▶ **What is being asked**: Copy out the full listing exactly, omitting any picture it contains.

▶ **Available data**:

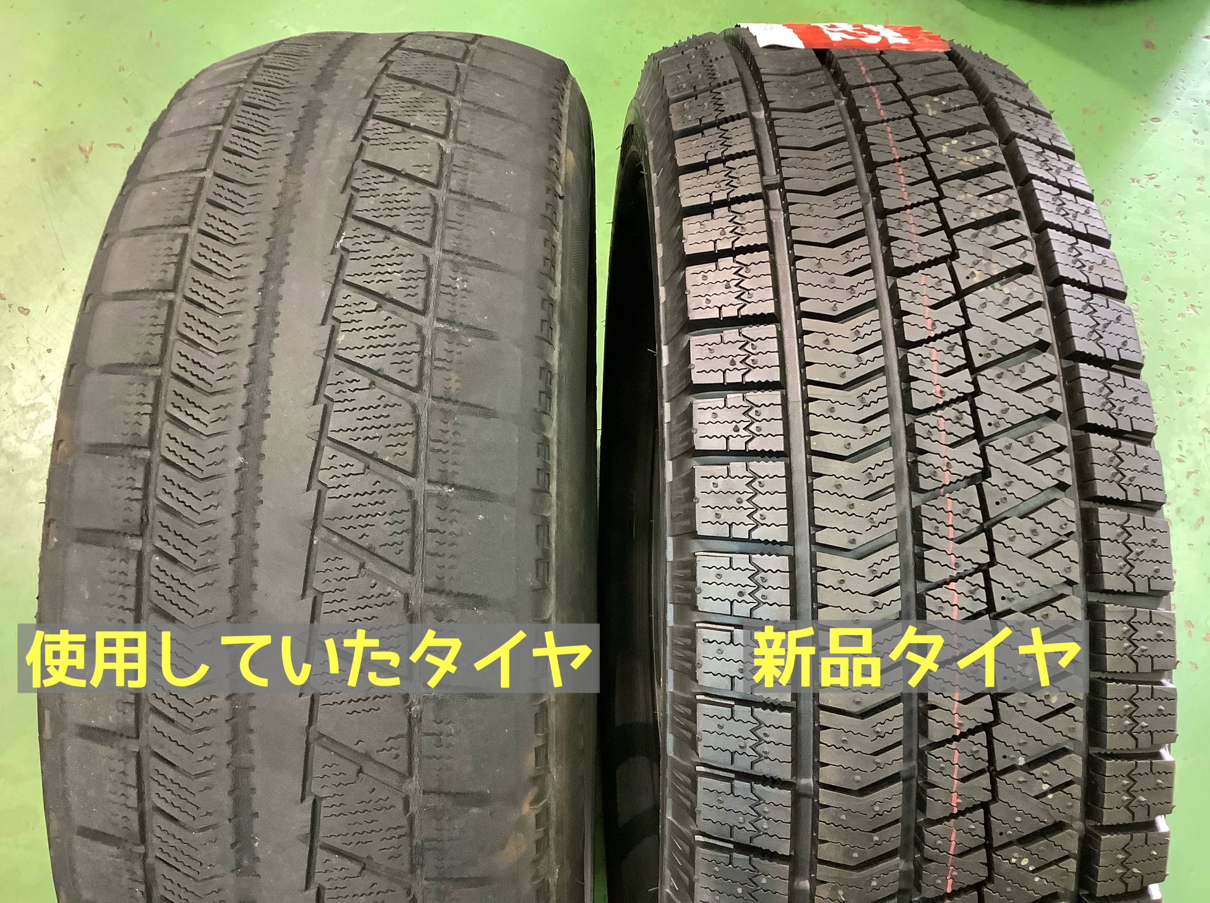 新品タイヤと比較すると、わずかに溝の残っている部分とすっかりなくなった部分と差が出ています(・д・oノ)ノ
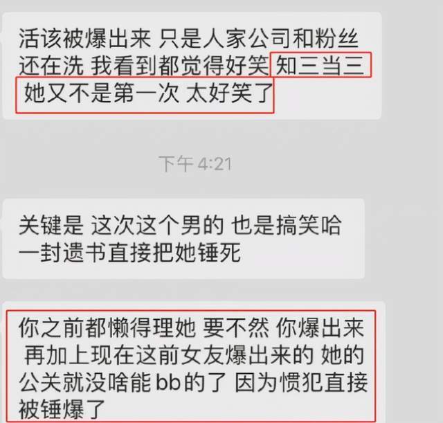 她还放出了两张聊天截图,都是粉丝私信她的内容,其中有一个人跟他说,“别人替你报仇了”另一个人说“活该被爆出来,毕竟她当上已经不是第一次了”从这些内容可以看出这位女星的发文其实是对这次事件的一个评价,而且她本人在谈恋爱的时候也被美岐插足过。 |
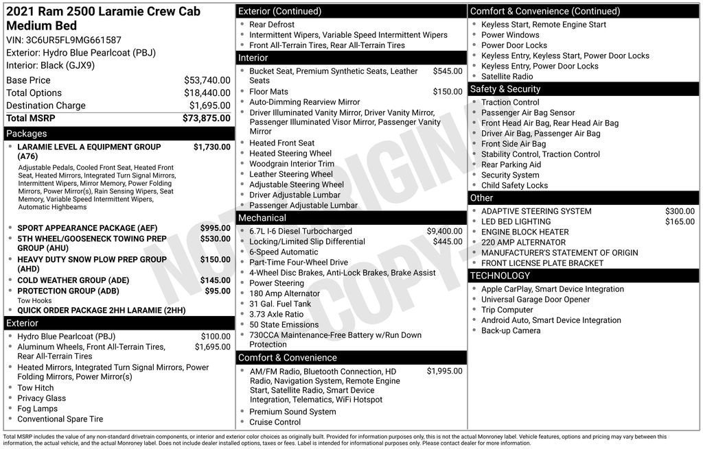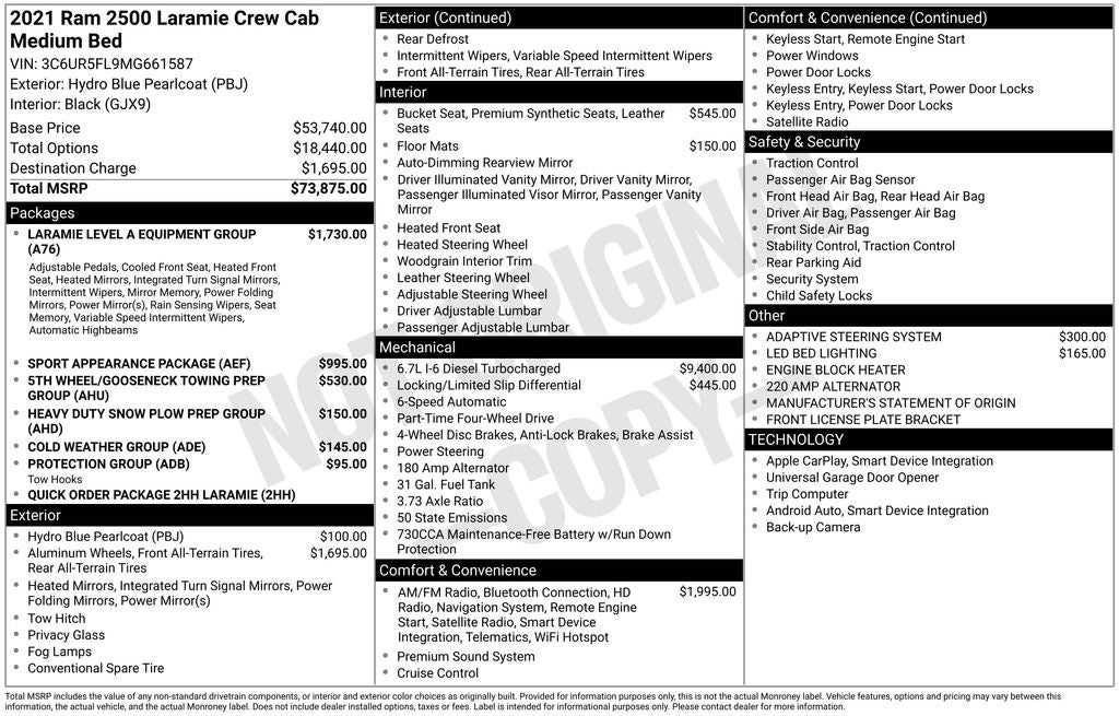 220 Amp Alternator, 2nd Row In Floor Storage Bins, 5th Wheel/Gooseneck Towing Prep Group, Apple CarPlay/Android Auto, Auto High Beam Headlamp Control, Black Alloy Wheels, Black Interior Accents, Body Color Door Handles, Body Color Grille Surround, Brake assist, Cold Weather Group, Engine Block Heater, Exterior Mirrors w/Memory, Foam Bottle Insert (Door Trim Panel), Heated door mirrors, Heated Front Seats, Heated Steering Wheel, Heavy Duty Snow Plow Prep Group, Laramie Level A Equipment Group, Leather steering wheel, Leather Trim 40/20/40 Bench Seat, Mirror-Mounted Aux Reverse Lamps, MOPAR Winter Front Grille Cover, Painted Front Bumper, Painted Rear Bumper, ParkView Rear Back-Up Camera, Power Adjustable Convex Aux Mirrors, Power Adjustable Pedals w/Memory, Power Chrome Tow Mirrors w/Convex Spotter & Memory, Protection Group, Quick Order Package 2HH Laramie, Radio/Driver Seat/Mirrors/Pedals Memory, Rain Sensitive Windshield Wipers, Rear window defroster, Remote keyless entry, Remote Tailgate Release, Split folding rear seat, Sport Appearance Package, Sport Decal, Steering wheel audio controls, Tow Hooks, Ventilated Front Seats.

▶ **Answer below**:
 新品タイヤと比較すると、わずかに溝の残っている部分とすっかりなくなった部分と差が出ています(・д・oノ)ノ
 她还放出了两张聊天截图,都是粉丝私信她的内容,其中有一个人跟他说,“别人替你报仇了”另一个人说“活该被爆出来,毕竟她当上已经不是第一次了”从这些内容可以看出这位女星的发文其实是对这次事件的一个评价,而且她本人在谈恋爱的时候也被美岐插足过。 |
 220 Amp Alternator, 2nd Row In Floor Storage Bins, 5th Wheel/Gooseneck Towing Prep Group, Apple CarPlay/Android Auto, Auto High Beam Headlamp Control, Black Alloy Wheels, Black Interior Accents, Body Color Door Handles, Body Color Grille Surround, Brake assist, Cold Weather Group, Engine Block Heater, Exterior Mirrors w/Memory, Foam Bottle Insert (Door Trim Panel), Heated door mirrors, Heated Front Seats, Heated Steering Wheel, Heavy Duty Snow Plow Prep Group, Laramie Level A Equipment Group, Leather steering wheel, Leather Trim 40/20/40 Bench Seat, Mirror-Mounted Aux Reverse Lamps, MOPAR Winter Front Grille Cover, Painted Front Bumper, Painted Rear Bumper, ParkView Rear Back-Up Camera, Power Adjustable Convex Aux Mirrors, Power Adjustable Pedals w/Memory, Power Chrome Tow Mirrors w/Convex Spotter & Memory, Protection Group, Quick Order Package 2HH Laramie, Radio/Driver Seat/Mirrors/Pedals Memory, Rain Sensitive Windshield Wipers, Rear window defroster, Remote keyless entry, Remote Tailgate Release, Split folding rear seat, Sport Appearance Package, Sport Decal, Steering wheel audio controls, Tow Hooks, Ventilated Front Seats.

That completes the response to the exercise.